Flax Seeds Vs. Chia Seeds (Benefits & Versatility)

Both flaxseeds and chia seeds pack in a powerful punch of nutrition, but we’re here to weigh out the benefits of each. Seeds in general can benefit your health in a variety of ways, but today, we’re going to dive deep into flax and chia sees to see if either is a better option for you.

Flaxseeds are full of antioxidant power, which can help to reduce free radical buildup in the body. In turn, that can help to keep your body less inflamed, lowering the chances of illness and disease overall.

More benefits of flaxseeds include their high healthy fat content along with a ton of necessary vitamins and minerals for overall health. These can all create a flow of health benefits in the body.

Check out the list below to see the capabilities of what flax seeds can do to boost your health throughout the body and keep you well for the long haul.

Benefits of Flaxseeds:

  • Can help with hormonal regulation (Can lower androgen levels)
  • Lowered risk of prostate cancer in men
  • High in fiber (Can assist with regular bowel function
  • Can help curb appetite (Benefits weight loss efforts)
  • High in omega 3s (Good for heart and brain health)
  • High in protein (Necessary for overall health)
  • Rich in lignans (Can reduce the risk of many types of cancers)

 

These powerful seeds are not only a nutrition powerhouse, but they are also a helpful addition in the kitchen. If you didn’t know where to add flaxseeds to your diet, we’re here to help you out.

Flax seeds can be a great versatile seed choice in the kitchen as well. If you are vegan, flaxseeds may already be your favorite seed for a few reasons listed below.

Check out the list below to see how adding more flaxseeds can help benefit you.

Versatility of Flaxseeds:

  • Use Flaxseeds as an egg replacer
  • Ground flaxseeds for easier digestion (Add to oatmeal, yogurt, tea, etc.)
  • Make your own flaxseed crackers
  • Drizzle flaxseed oil into your favorite homemade dressing
  • Add it to your morning smoothie
  • Add them into your favorite baked goods (Cookies, muffins, etc.)
  • Add in to a hot or cold cereal in the morning

 

No one can argue, flaxseed can be a wholesome and great addition to any diet to help enhance your immune system and provide a great deal of variety in the kitchen to add to so many meals.

But, now let’s move onto the power of chia seeds.

Chia seeds can help to boost heart health, hair health, and much more. Check out the list below to see the power chia seeds can have on your body.

Benefits of Chia Seeds:

  • High in healthy fats (Good for brain and heart function)
  • High in calcium (A good alternative to milk for bone health)
  • High in fiber (Assist good bowel function)
  • High in protein (A great substitute for added protein)
  • High in magnesium (Great for heart and bone health)
  • High in antioxidants (Helps minimize free radical damage
  • Can assist with lowering blood sugar and aid in weight loss
  • Can lower high blood pressure effectively

While chia seeds have tons of health benefits, they are also an excellent addition in the kitchen.

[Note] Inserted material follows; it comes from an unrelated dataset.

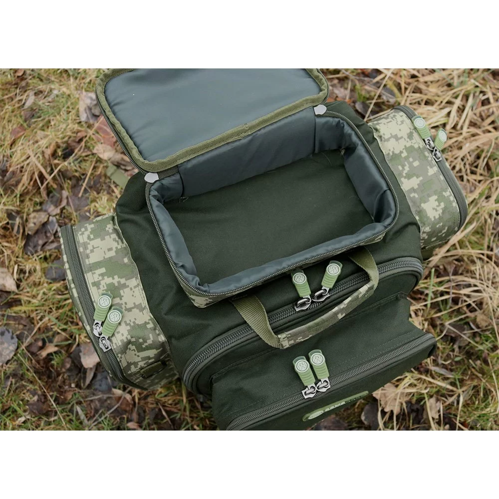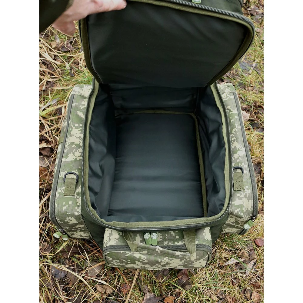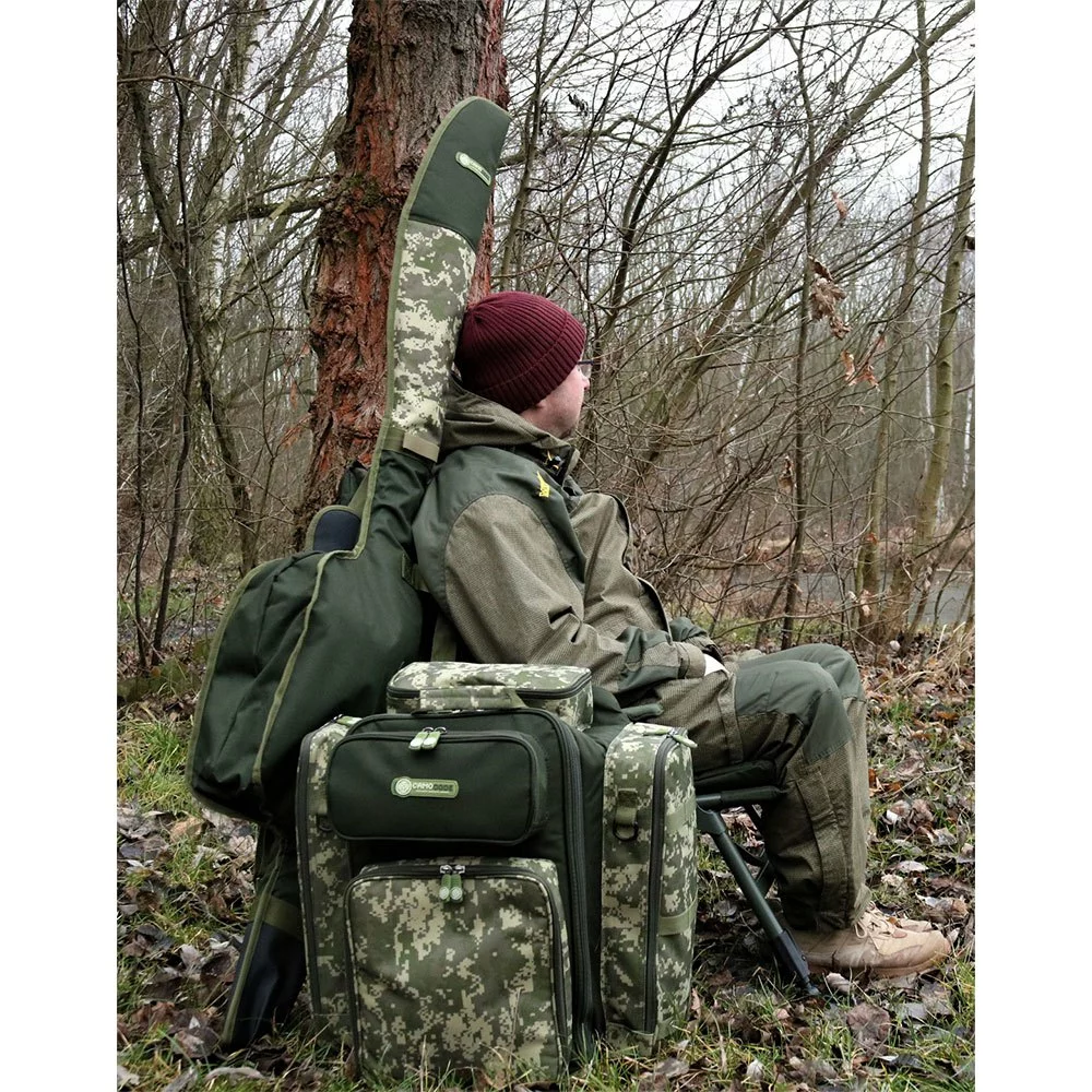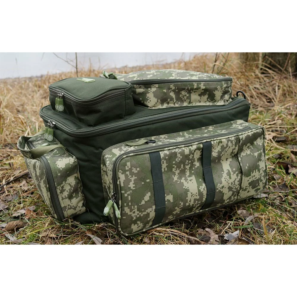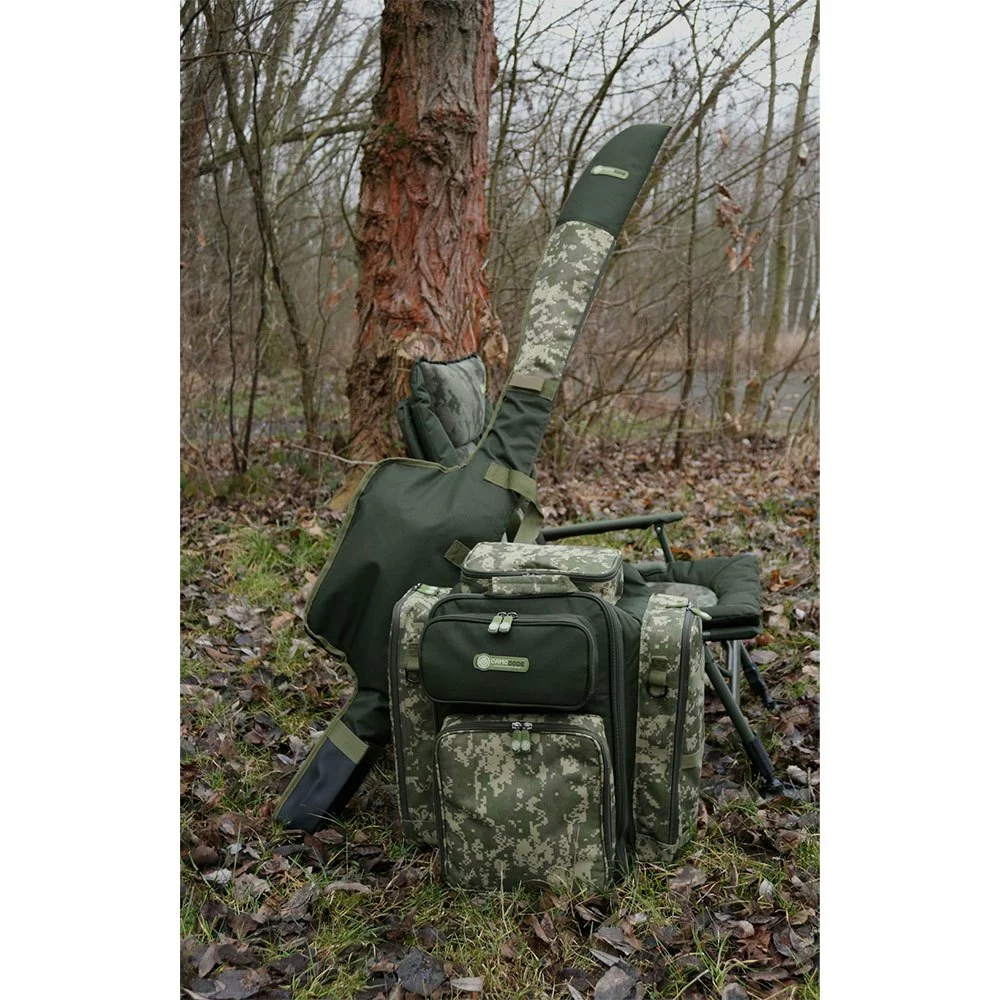 A fully featured luxurious rucksack in a digital camouflage design.

Check out some ways you can add more chia seeds to your diet.

Versatility of Chia Seeds:

  • Make your own chia seed pudding for breakfast or a mid-day snack
  • Add chia seeds to your oatmeal, cereal, yogurt, or acai bowls
  • Add it to your water or juice
  • Add them to smoothies or cereal
  • Bake them into your favorite bread
  • Add them as a crispy coating for meat or fish
  • Chia seeds can also be used as an egg substitute like flaxseeds


Chia seeds and flaxseeds can be a part of most healthy diets, but there are some precautions with both. Just because a food is a healthy food, does not mean you should never watch the portions of each. If you have high blood pressure and are on medication for it, chia seeds need to be limited to two tablespoons once a week, because it can have powerful effects at lowering blood pressure as well.

Flaxseeds can be a healthy addition to most diets as well, but you should never exceed more than 5 tablespoons per day for your own general health and wellbeing.

Which seed do you prefer in your diet?